When I get some more wood I do a picture too tore re el but what I did was cut 28" long boards into three pieces. One board is 1/2 the width of the rest. It will go on one end. I ripped 1/8" pieces 28" long and put them between the boards. Now it is 12" wide by 28" x 1.5" thick. 
Next I had a piece of mahogany that was 12" wide (same width as width of the board) and it was around 8" long. I ripped 1.25" pieces. (That's what the big board planed down to after glue up). I then flipped them up and ripped 1/8" thick piece (long mortar pieces) so they would be end grain as well
After planing the big board I ripped 1.25" pieces, flipped them up end grain and flipped every other piece. I then put the 12" long, 1/8" thin pieces from the second board, in between each ripped piece from the big board. Glued it up and finished it with a double bevel side and finger grooves.

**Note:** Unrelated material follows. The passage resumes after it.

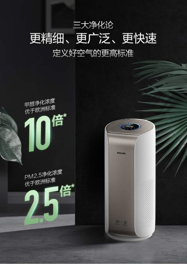 飞利浦空气净化器AC3858的三大净化论,即通过滤清污染源头,打造出更精细、更广泛、更快速度的净化性能,实现甲醛净化浓度10倍优于欧洲标准,PM2.5净化浓度达到2.5倍优于欧洲标准[1]的神奇净化能力。彻底重塑室内空气,把优质新风代入家中,超越安全健康的欧洲标准,实现全家放心自如的呼吸。

Reactions: Like 2 | Informative 1


----------



## Nature Man (Sep 5, 2017)

Striking pattern! I really need to jump on the cutting board band wagon... Chuck

Reactions: Thank You! 1


----------



## ironman123 (Sep 5, 2017)

Had to do it huh Tony? One more and it had to be that good looking one.


----------



## Tclem (Sep 5, 2017)

ironman123 said:


> Had to do it huh Tony? One more and it had to be that good looking one.


Had to


----------



## CWS (Sep 5, 2017)

The only way it could be better is if it was shaped like Texas.

Reactions: Funny 1


----------